Wall Street investment analysts continue to look for signs of stability and instability at American International Group Inc.[@@]

AIG, New York, impressed observers Wednesday by reporting a 50% increase in net income despite the investigations that led to the ouster of Maurice Greenberg, the company’s longtime chairman.

Peter Streit, an analyst at Williams Capital Advisors L.P., New York, is optimistic about AIG’s prospects.

“Indications are that the company is about to reach an agreement with [New York Attorney General Eliot] Spitzer for a dollar figure in the area of $850 million,” Streit says.

Such a figure would be in line with recent settlements at the big insurance brokers and would not put much of a dent in a company with AIG’s level of capitalization, Streit says.

Many AIG segments performed surprisingly well during the second quarter, Streit adds.

But Paul Newsome, an analyst at A.G. Edwards & Sons Inc., St.
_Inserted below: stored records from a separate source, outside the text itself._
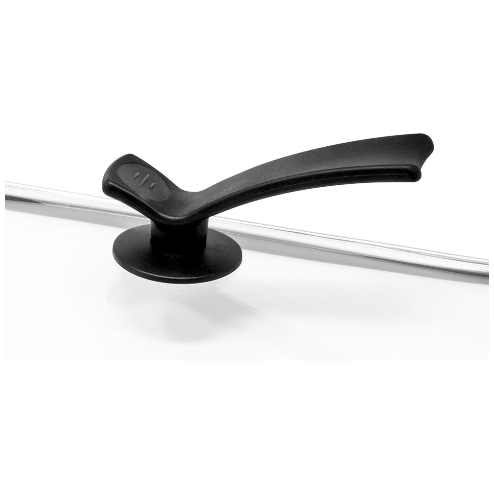 Tampa de vidro temperado com alça, especialmente projetada para ficar em cima da bancada e evitar o risco de queimaduras
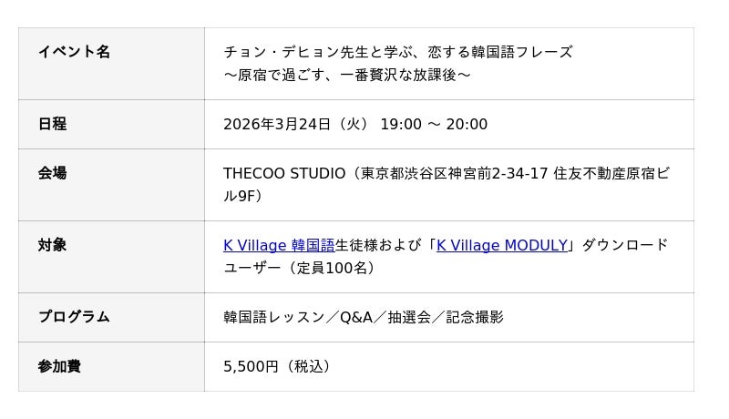 本イベントは、K Villageが運営するアプリ「K Village MODULY」のユーザーおよびK Village 韓国語生徒の皆様を対象とした、100名限定の特別なイベントです。
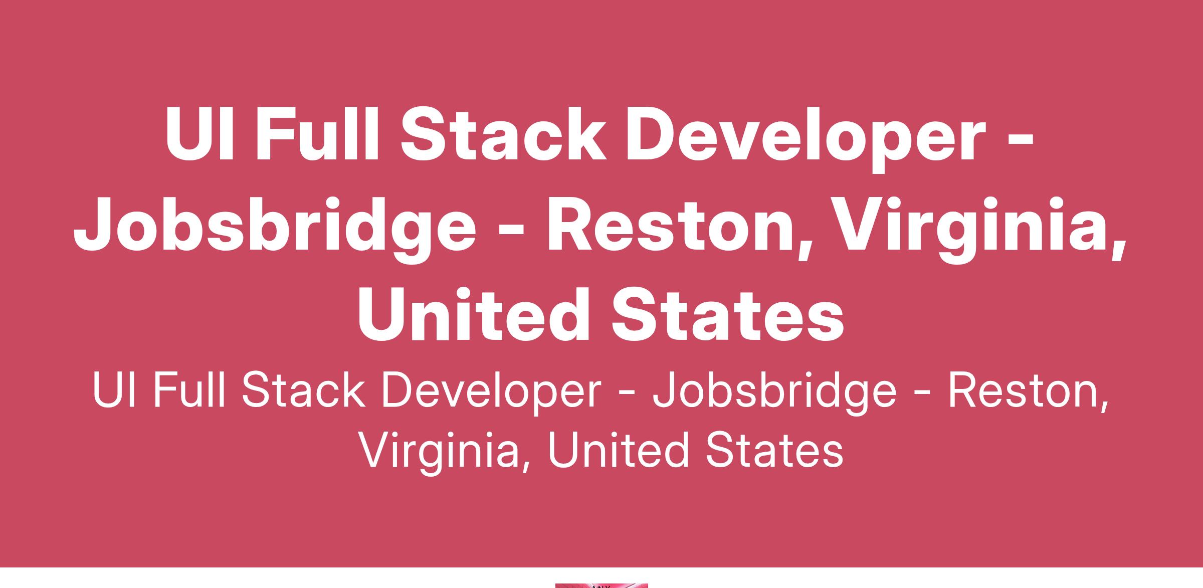 UI Full Stack Developer - Jobsbridge - Reston, Virginia, United States
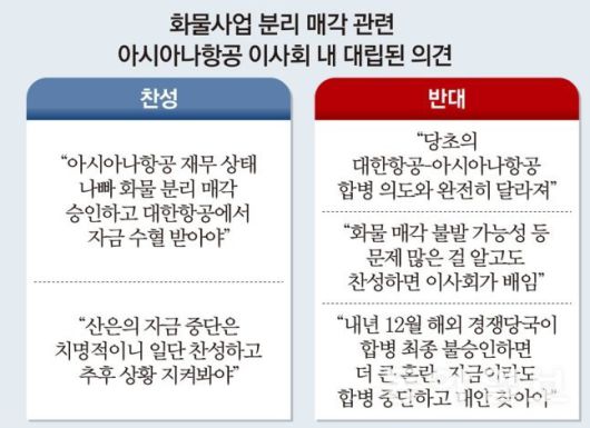 화물 분리 매각은 아시아나항공의 이사회의 찬성이 필요한 사안입니다. 아시아나항공 이사회는 총 6명입니다. 사내이사 2명 (원유석 아시아나항공 대표, 진광호 아시아나항공 전무), 사외이사 4명(박해식 한국금융연구원 선임연구원, 윤창번 김앤장 법률사무소 고문, 배진철 전 공정거래조정위원장, 강혜련 이화여대 명예교수)입니다.
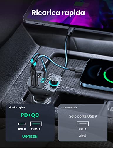 UGREEN Trasmettitore FM Bluetooth per Auto, 20W Caricabatterie Caricatore per Auto USB C PD e QC con Sistema Vivavoce, Lettore Musicale Bluetooth Wireless 5.0, Supporta Chiavetta USB e scheda TF
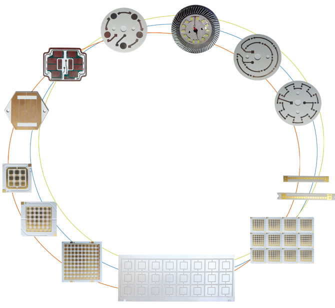 陶瓷覆銅板主要應用于大功率LED芯片的Chip封裝或小功率多芯片集成工藝的COB模塊封裝。 |
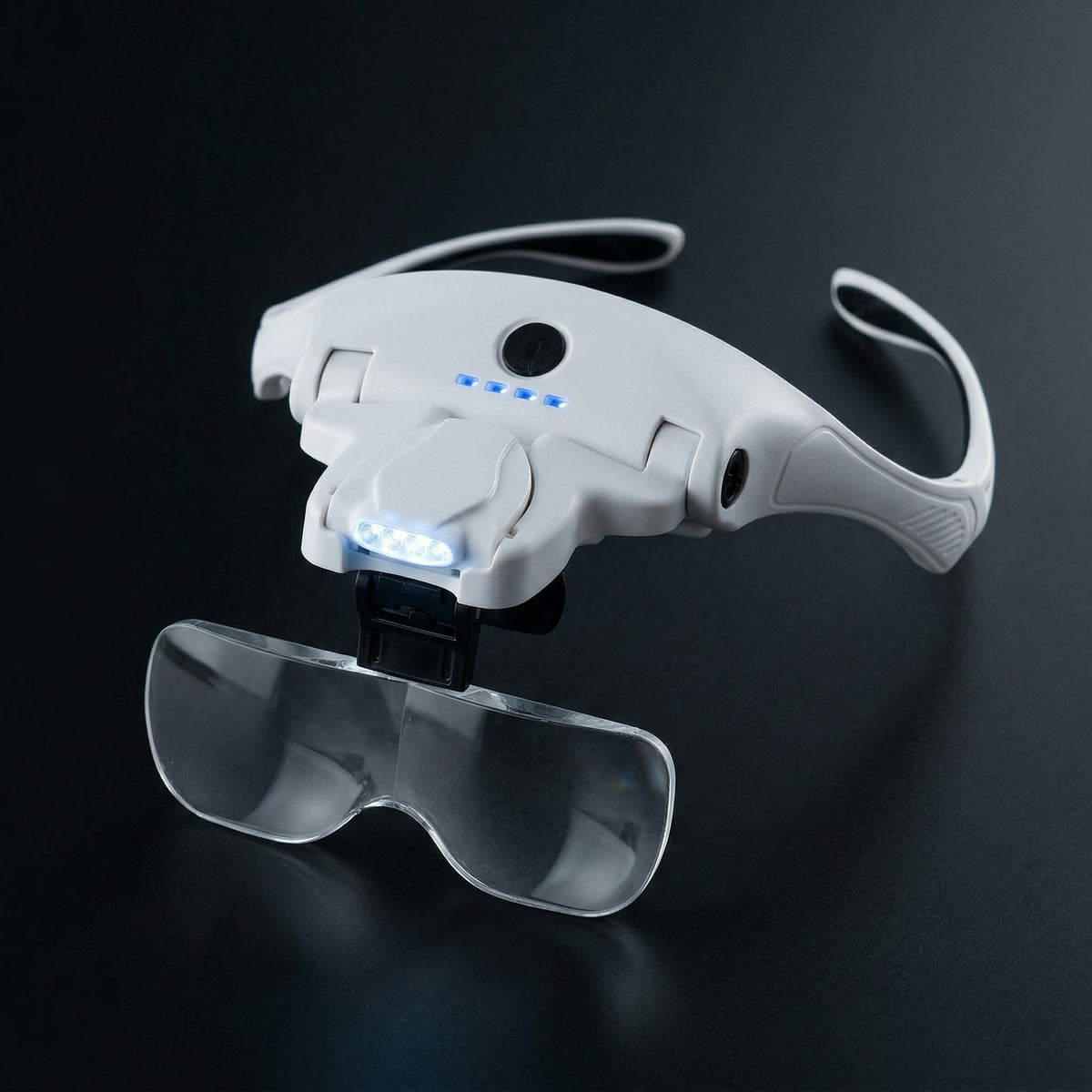 4 LEDs at eye level move with your head. The light is always on your work. Adjustable angle. USB Rechargable.
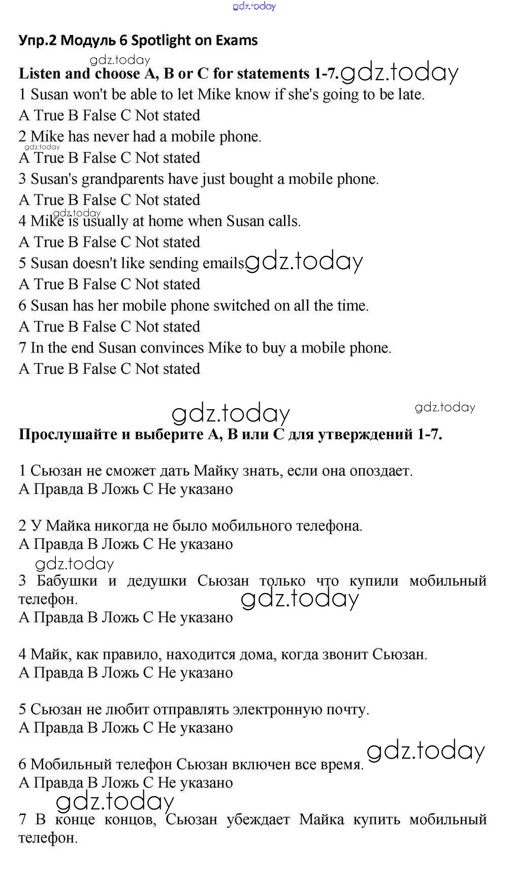 На страницах сайта gdz.today вы найдете учебный и вспомогательный материал, направленный на улучшения знаний школьной программы. ГДЗ - онлайн мир знаний Spotlight on Exams Решение к Module 6 2 Учебнику по Английскому языку для 11 класса Эванс, Дули  Просвещение Spotlight 2015
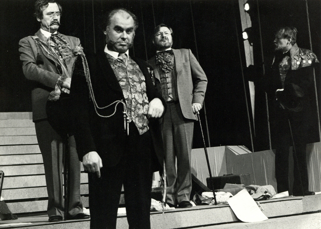 Na fotografiji: Janez Albreht (Jožef Mrmolja), Danilo Benedičič (Dr. Anton Grozd), Marjan Hlastec (Profesor Kremžar), Dušan Škedl (Občinski svetnik)
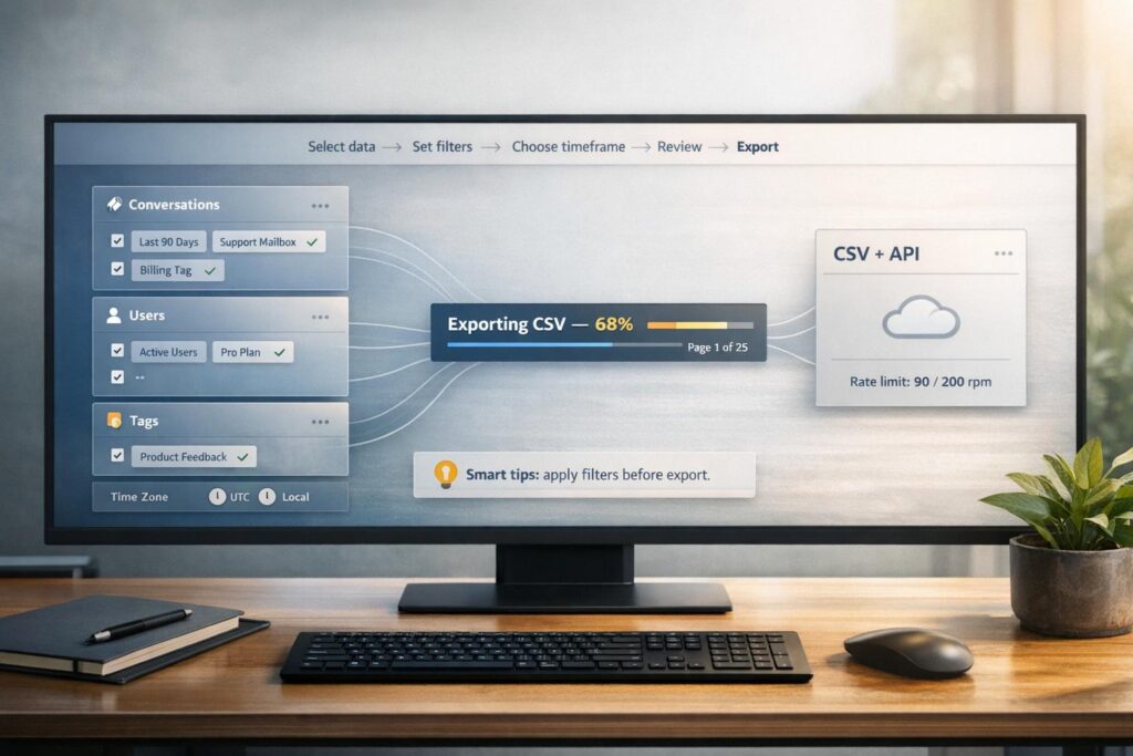 Handling large data exports can be a challenge, as bigger files take longer to process and can clog up the export queue. To keep things manageable, use specific filters before exporting. Narrow down your data by applying filters like Date Range, Mailbox, Tags, or Assignee to avoid dealing with massive, unwieldy files.
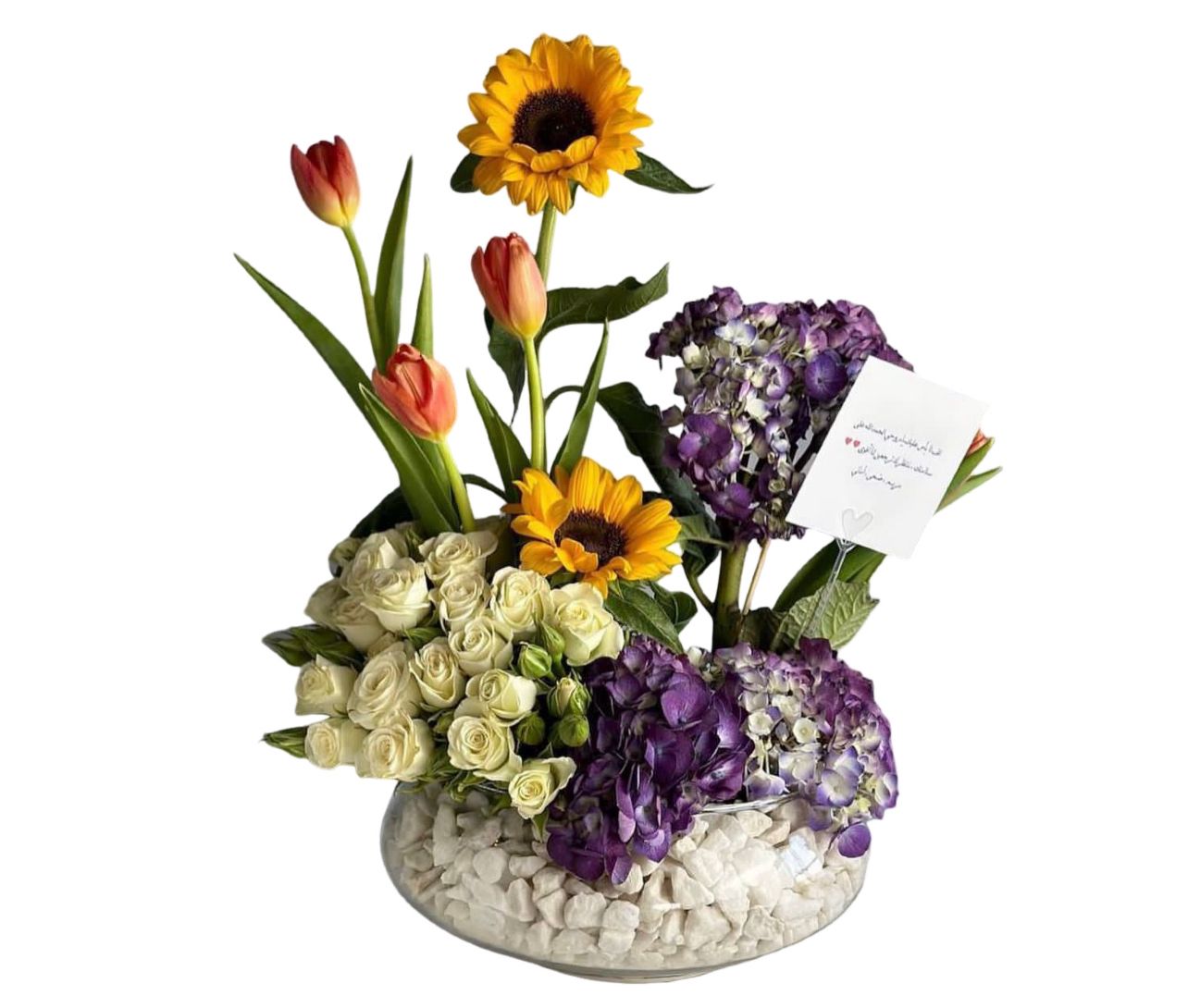 صحن زجاجي مع تنسيقه ورد بيبي روز وتوليب وهايدرانجا وعباد لشمس
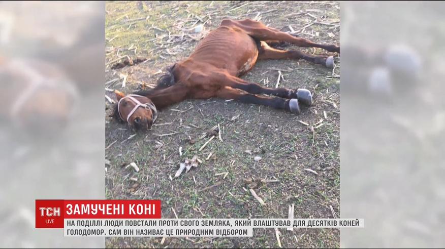 Обурені кажуть, що чоловік тримає зо два десятки коней і геть їх не годує. Зимують тварини, за словами активістів, не у стайні, а на вулиці, тож щороку під час морозів вимирають по кілька коней. ТСН вирушила на Поділля і поспілкувалася і із зоозахисниками, і з власником табуна.
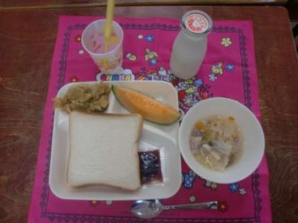 今日の給食には、メロンが出ました。
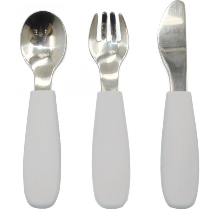 Summerville Barnbestick i rostfritt stål och silikon är greppvänliga och enkla för barnhänder att hålla i. Detta set med bestick för barn innehåller gaffel, kniv och sked och passar bra för lite större barn som ska lära sig äta själva. De mjuka silikonhandtagen ger barnet ett bra grepp och gör att besticken är bekväma att hålla i. Längd: 13 cm.
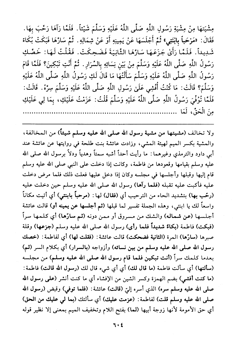 مِشْيَتهَا مِنْ مِشْيَةِ رَسُولِ اللهِ صَلَّى اللهُ عَلَيهِ وَسَلَّمَ شَيئًا. فَلَمَّا رَآهَا رَحَّبَ بِهَا. فَقَال: "مَرْحَبًا بِابْنَتِي" ثُمَّ أَجْلَسَهَا عَنْ يَمِينِهِ أَوْ عَنْ شِمَالِهِ. ثُمَّ سَارَّهَا فَبَكَتْ بُكَاءً شَدِيدًا. فَلَمَّا رَأَى جَزَعَهَا سَارَّهَا الثَّانِيَةَ فَضَحِكَت. فَقُلْتُ لَهَا: خَصَّكِ رَسُولُ اللهِ صَلَّى اللهُ عَلَيهِ وَسَلَّمَ مِنْ بَينِ نِسَائِهِ بِالسِّرَارِ. ثُمَّ أَنْتِ تَبْكِينَ؟ فَلَمَّا قَامَ رَسُولُ اللهِ صَلَّى اللهُ عَلَيهِ وَسَلَّمَ سَأَلْتُهَا مَا قَال لَكِ رَسُولُ اللهِ صَلَّى اللهُ عَلَيهِ وَسَلَّمَ؟ قَالتْ: مَا كُنْتُ أُفْشِي عَلَى رَسُولِ اللهِ صَلَّى اللهُ عَلَيهِ وَسَلَّمَ سِرَّهُ. قَالت: فَلَمَّا تُوُفِّيَ رَسُولُ اللهِ صَلَّى اللهُ عَلَيهِ وَسَلَّمَ قُلْتُ: عَزَمْتُ عَلَيكِ، بِمَا لِي عَلَيكِ مِنَ الْحَق، لَمَا
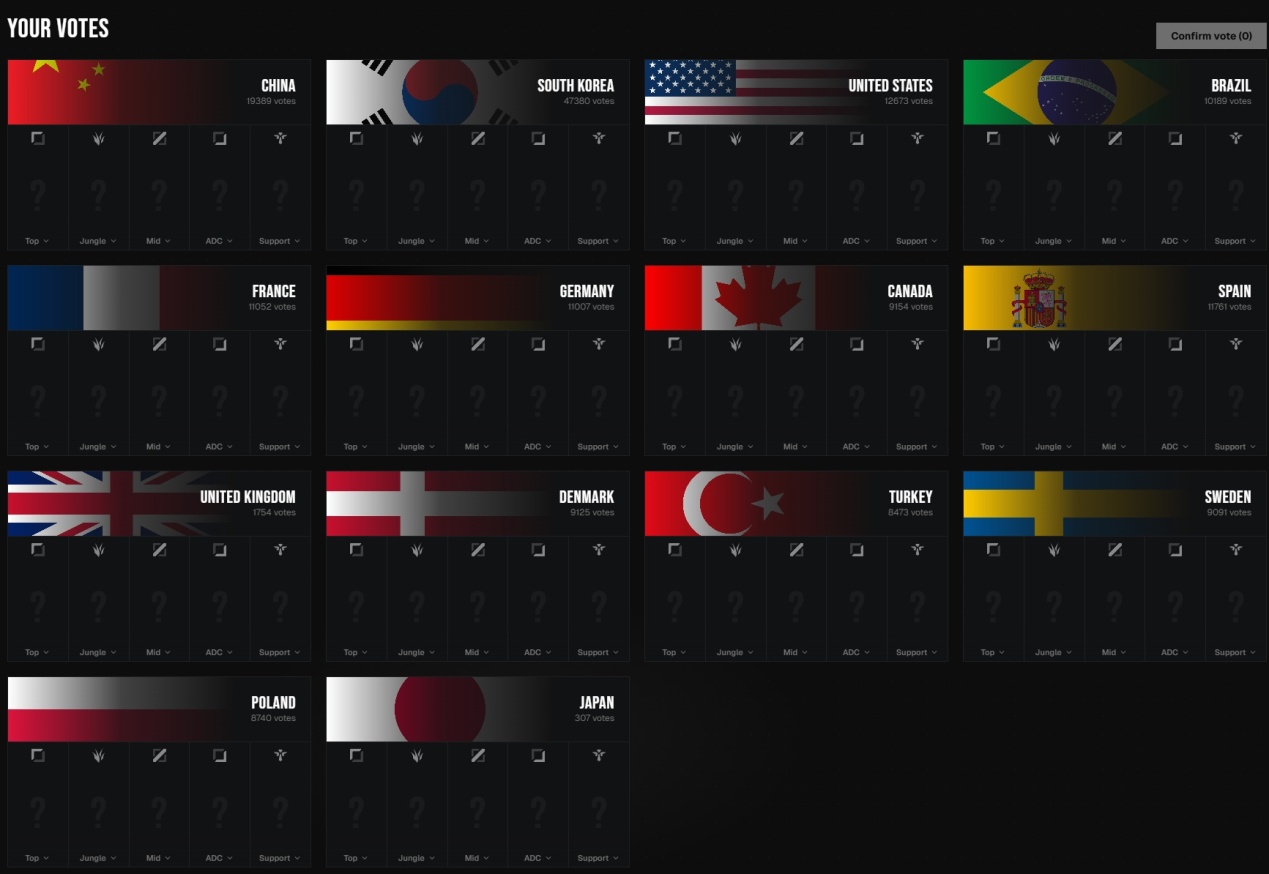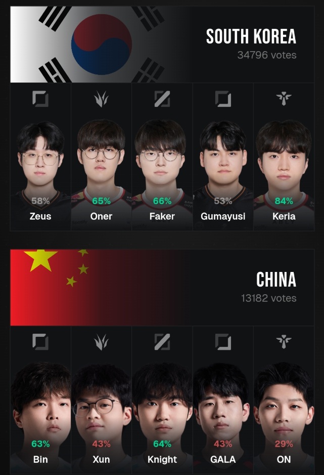 Additionally, foreign media released a voting interface for the esports national teams, polling for the roster each national team's fans most want to see. Interestingly, for the Korean team, the selected lineup is ZOFGK, which is T1's previous championship roster—Zeus and Gumayusi have already left the team.
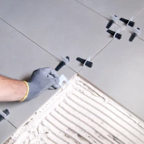 Klemmerne har sideskæringer (patenterede), der gør, at vi nemt kan fjerne dem, blot med et slag på siden i fugeretningen, når arbejdet er færdigt (mørtel).

Louis, is expressing concern about press reports that Greenberg may have tried to cover up records sought by Spitzer. “It has become clear to us that the regulatory issues will be long lasting for AIG,” Newsome writes in a note to investors.

In addition, “there is considerable investor uncertainty about Martin Sullivan, the new CEO, and whether he might have been involved in any wrongdoing,” Newsome writes.

Before taking over as AIG’s chief executive officer, Sullivan ran the company’s property-casualty insurance business.

Ron Frank, an analyst at the Smith Barney unit at Citigroup Inc., New York, says he thinks AIG’s stock has reached a natural limit since rising 25% from a recent low point in April.

Frank says he also wants to hear the results of a top-down review of the company’s insurance reserve structure. Milliman Inc., Seattle, is supposed to complete the review sometime this year.